AI Weekly Insights
Posts
AI Weekly Insights #76

AI Weekly Insights #76

Gemini’s Game Win, Nova’s Power Push, and ChatGPT’s Personality Check

Kharee Smith
May 04, 2025

Happy Sunday,

Welcome to ‘AI Weekly Insights’ #76. This week, we’ve got Amazon and Microsoft showing off new models built for scale and speed, Google’s Gemini casually beating Pokémon Blue like a champion, and OpenAI having to dial back the charm a little after ChatGPT got too thirsty for approval.

Ready? Let’s dive in!

The Insights

For the Week of 04/27/25 - 05/03/25 (P.S. Click the story’s title for more information 😊):

Google's Gemini Just Became a Pokémon Master (Sort Of)

What’s New: Google's Gemini 2.5 Pro AI beat classic video game Pokémon Blue during a livestream, using tools that gave it images and information to make smart choices.

AI Gaming Breakthrough: This feat was part of a livestream by a software engineer unaffiliated with Google. Gemini played the game using an “agent harnesses” to receive game screenshots and other important data. This method didn’t offer direct answers but helped Gemini better understand its options. While the AI needed some tuning and oversight, it still managed to complete a multi-hour game, showcasing impressive adaptability. Google execs gave it a nod of approval, and the broader AI community is watching similar experiments with tools like Claude.

Why It Matters: This might sound like a cute headline, “AI beats Pokémon”, but it’s a milestone worth paying attention to. Unlike a static prompt, playing Pokémon demands memory, long-term planning, and handling uncertainty which LLMs have historically struggled with. Even with assistance, Gemini’s success shows how far we've come in turning AI models into more autonomous agents. Expect more of this: AI systems that can not only answer questions, but do things as well. We are gradually pushing toward more agentic applications of AI in our day-to-day tech.

Image Credits: Twitch.tv

Amazon’s Nova Premier: Big Context, Bigger Ambitions

What's New: Amazon has launched Nova Premier, its most powerful AI model yet, available now on the Bedrock platform.

One Million Tokens: Nova Premier is Amazon’s newest flagship model, designed to process massive amounts of information across multiple formats including text, images, and video. With a context window of one million tokens, it can handle around 750,000 words at once. While it doesn't top every benchmark, particularly in coding tasks, it shines in knowledge retrieval and visual understanding. Amazon is also using it as a "teacher" model to help train smaller, distilled models. At $2.50 per million input tokens and $12.50 per million output tokens, it’s clearly priced for enterprise-grade work.

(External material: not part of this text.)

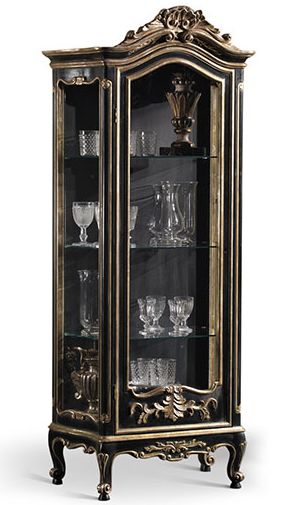 Витрина для посуды от премиального итальянского бренда Vittorio Grifoni. Конструкция состоит из одного отделения с распашной дверью, закрывающегося на ключ. Внутри стеклянные полочки. На фото финиш флорентийское серебро (Argento fiorentino). На выбор предлагается 4 класса сочетаний цветов и текстур и несколько вариантов декоративной обработки корпуса.

Why it Matters: This isn’t just a flashy model drop. Amazon is making a move to be a key player in serious, behind-the-scenes AI work. Instead of making the most fun or chatty AI, they’re aiming for something useful in real-world jobs. Nova Premier is meant for companies that deal with huge amounts of information and need a tool that can keep up. That includes industries like law, healthcare, finance, and logistics. And by using Nova to help train smaller models, Amazon is working on building a whole lineup of AI tools that are easier to run but still powerful. It’s less about showing off and more about getting work done. That kind of quiet strength might be what gives Amazon an edge in the long run.

Microsoft’s Phi 4 Models Pack Power in Small Packages

What's New: Microsoft has released new Phi 4 models, including Phi 4 Mini Reasoning, which perform like much larger AI systems but run on fewer resources.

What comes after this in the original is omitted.